Cold, hungry and need something filling to stop your rumbling stomach? Try the BCM (Bacon, Cheese and Mushroom) Hot Potato. This recipe has been created for two people but you can make as much as you like. For example, if you want to serve four people, just double the recipe.
3 x Short cut Bacon Rashers 4 x Mushrooms cup grated cheese 2 x medium sized potatoes (washed) 2 tablespoons Sour Cream 1 teaspoon Butter
1. Preheat oven to 180ºC. 2. Dice bacon rashers. Peel and dice mushrooms. 3. Turn fry pan on medium heat and add 1 teaspoon of butter.
4. Add bacon and mushrooms to heated frypan. Cook until slightly brown.
5. Pierce each potato with a knife and cut a small hollow out from the middle of the potatoes making enough room to add your filling. If you need to hollow more potato out just use a teaspoon.
6. Fill potatoes with cooked bacon and mushroom.
7. Put grated cheese on top of each potato. Wrap potatoes (and potato tops) in alfoil leaving the top slightly exposed so the cheese can melt over it.
8. Place potatoes on oven tray and cook for 45 minutes or until potato is soft. You can prick potato with a skewer to check if it's soft enough.
9. When cooked, place potatoes on a plate and remove alfoil.
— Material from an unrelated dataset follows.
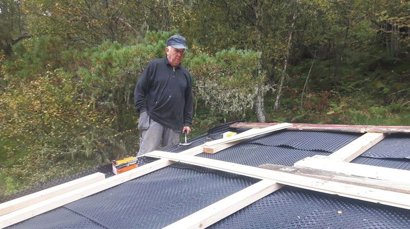 Omskoleringen gikk fint, og i løpet av to korte arbeidsdager ble det lagt nytt tak på Wernerhytta. God planlegging og en god byggeleder gjør susen. Taket er klart og det mangler bare torv. Vi håper at flere vil være med oss når taket skal dekkes med torv.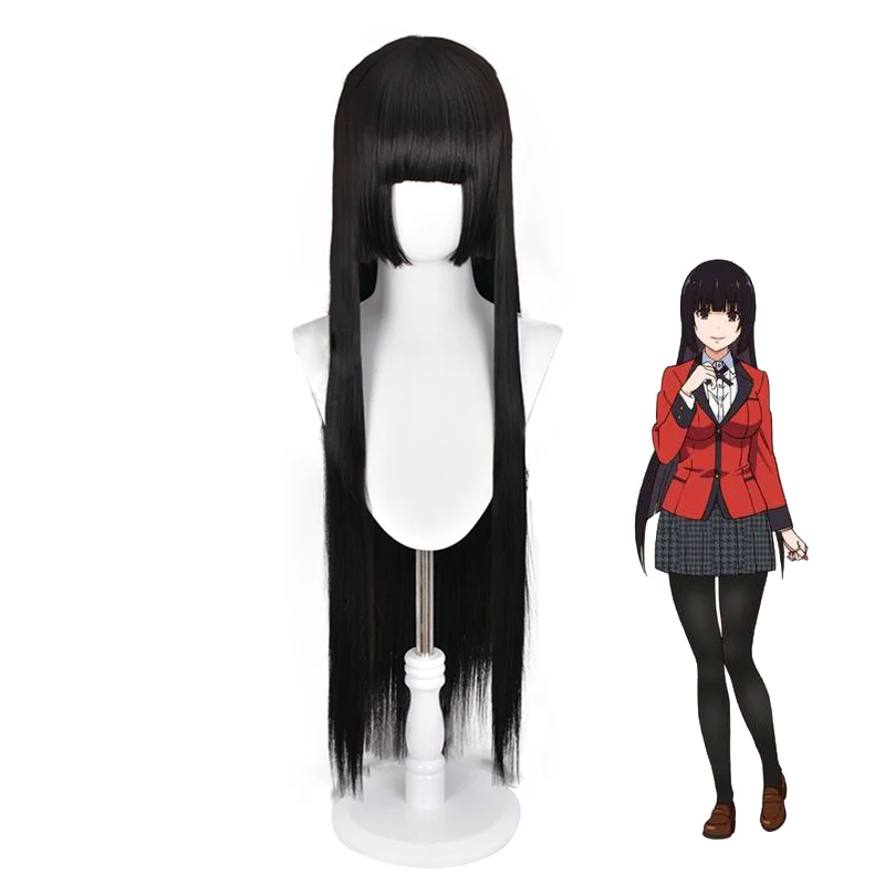 Парик для косплея Kakegurui Yumeko Jabami, прямые черные термостойк...

10. Add 1 tablespoon of sour cream on top of each.
11. Ready, set, eat.
Variations: The BCM Hot Potato is also good as a side dish. I added a serving of leftover bolognese mince with mine. You can also try adding different ingredients to the filling, for example, shallots or onion. Just make sure your filling is not too big to fit into the potatoes (this has been known to happen on occasion).